Public Question
Considering Analog Objects and Actions in Digital Times
In our increasingly digital world there are still examples of actions, processes and things that some might say are un-digitizable. Many artists stick to pens and paper. Many people still choose to read print books. Considering this: Are there objects or actions that you think will always remain analog? Oppositely, are there overlooked areas that hold great potential for digital translation, especially for startups or niche markets?
We're excited to hear your thoughts. If you would like to join the conversation, please submit your answers by Thursday.
Public unpaid question.
yashesh shethia
Maybe, it's all about the 'experience'. And what you are in the mood for.
Imagine holding a slightly worn out LP of Sgt Peppers, sliding it out, blowing the dust off, placing it on the mat and then lifting the arm and gently placing it on the grooves.
The strains of Lucy in the Sky creeps in with the slight crackle and you crank up the oversized volume dial of the old and faithful Marantz.
Now go digital: go to iTunes, find Beatles, LSD -Buy. Tap and you're on your way.
Both will take you to a boat on a river, with tangerine trees and marmalade skies... :)
It's comes right back to what you are feeling like...
No doubt one is easier, portable, flexible and intuitive. Both are 'touchy' and 'feely' too...
But one has romance as an ingredient, the other efficiency...
Pretty much like flipping pages of an old photo album from two decades back and swiping the same pictures on the iPad.
Touch choice :)
Dave Pinter
As someone who draws nearly every day working on design projects, analog and digital are methods I both use to achieve results depending on criteria for each project. I don't think at this point one is better than the other. And often you can't tell the difference between sketches I've done on paper and those done digitally via a Wacom tablet.
The blessing and curse working digitally is Undo (well worn Command-Z on my keyboards) which make fiddling with things infinitely possible and hence slows down the process. Paper has more of an instant feel, especially when working with ink. You have to know what you are doing and commit.
One interesting piece of software is Alchemy, an open source drawing program which doesn't come with any kind of Undo function. Using it gets close to the permanent aspects of paper, but there are still workarounds to correcting mistakes.
Being part of the last generation to basically go through art school without computers I think has aided me in being able to develop a range of ideas. That comes directly from training on working ideas out on paper. You can only show one well per sheet.
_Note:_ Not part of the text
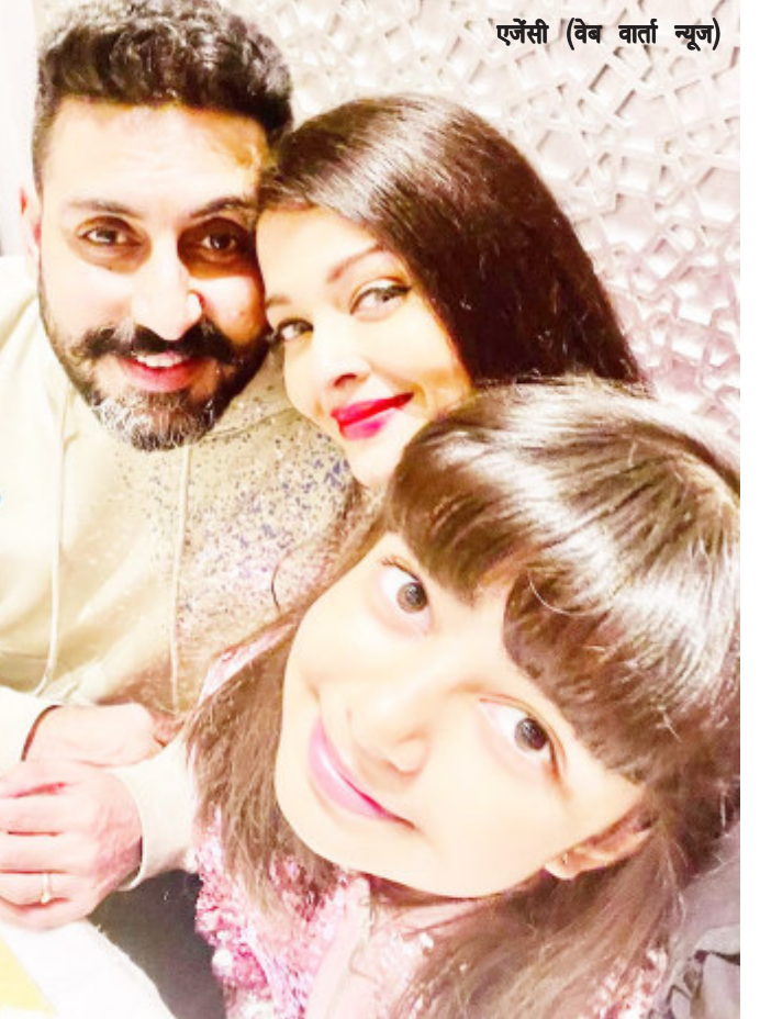
एजेंसी (वेब वार्ता न्यूज)

I think computers aren't so good with this working process and result more constant tweaking and refinement of a single idea.
Kyle Studstill
Theres something to be said about immediate tangible feedback that is hard to replicate in digital form. I approach it as "hard," not "impossible."
For example, there's the case of how to replicate the subtle tactile feedback your fingers get when reaching for the radio knob in the car without looking - the question for designers thinking about putting touchscreens into cars is whether or not that sense can be captured in any kind of haptic feedback. My guess is yes, it's just quite a bit off - as to be expected, we've focused our efforts on creating technologies that appeal to the visual sense and seem to have forgotten all the others.
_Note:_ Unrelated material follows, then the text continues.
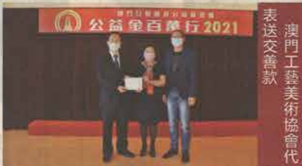
澳門工藝美術協會代表送交善款

There's another way to approach this question, by venturing to guess that there's nothing un-digitizable, rather there are deeply human things that will just be conveyed in different forms. For example, our need for feedback as in the above is one representation of a "deeply human thing," but another interesting manifestation comes up when you start thinking about digital books. There's a lot of social data encoded into the act of carrying a physical book. If I see you on the metro and you're carrying a book I've read, it makes me want to talk to you. And if I don't, I'm at least subtly comforted knowing that I'm in the company of someone likeminded.
That's data that's hard to encode digitally, at least through the methods we use now (ie: "putting stuff onto a screen"). That said, for ages humans have been incredibly resourceful when it comes to solving the problems of social navigation. So I don't doubt that some other interesting type of interaction will emerge to fill that void, and perhaps it's nature will be what we presently think of as "digital."
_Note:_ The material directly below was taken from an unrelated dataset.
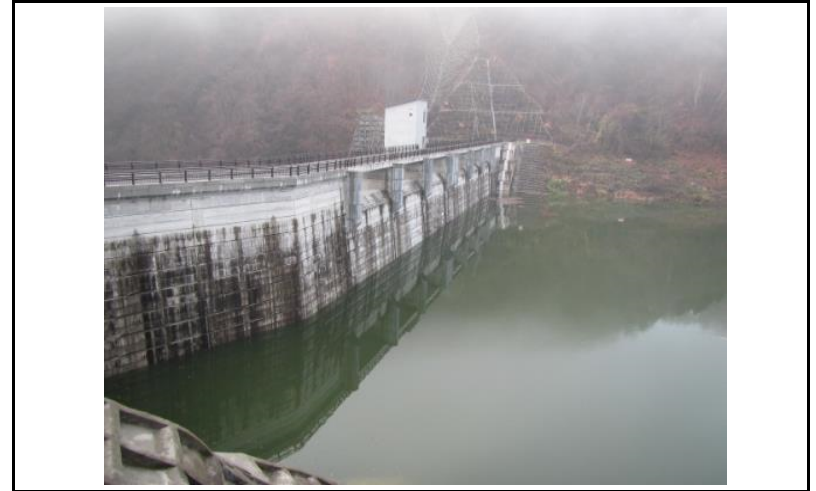
2 ダム上流面(左岸から)

I suppose this idea is best captured by William Gibson when he says things like "one of the things our grandchildren will find quaintest about us is that we distinguish the digital from the real."
Lloyd Alter
I always go back to the study that shows that you can tell time faster on an analogue watch than you can on a digital; your brain absorbs the position of the hands more quickly than it can the actual numbers. There are a lot of things that work better in analogue: fuel and temperature gauges, anything where you want to instantly grasp proportion.
As an architect, I cannot conceive of a design without starting on my roll of canary paper or in my moleskine. Yet as a writer, I wouldn't think of starting with a pen, I work directly in digital. I don't know if it is something about design, about dealing again with proportion, or if it is just that the software isn't good enough yet, no tool (that I know of) has yet really replaced the doodle on paper.
If someone did develop such a tool (and it ain't sketchup) it would be amazing.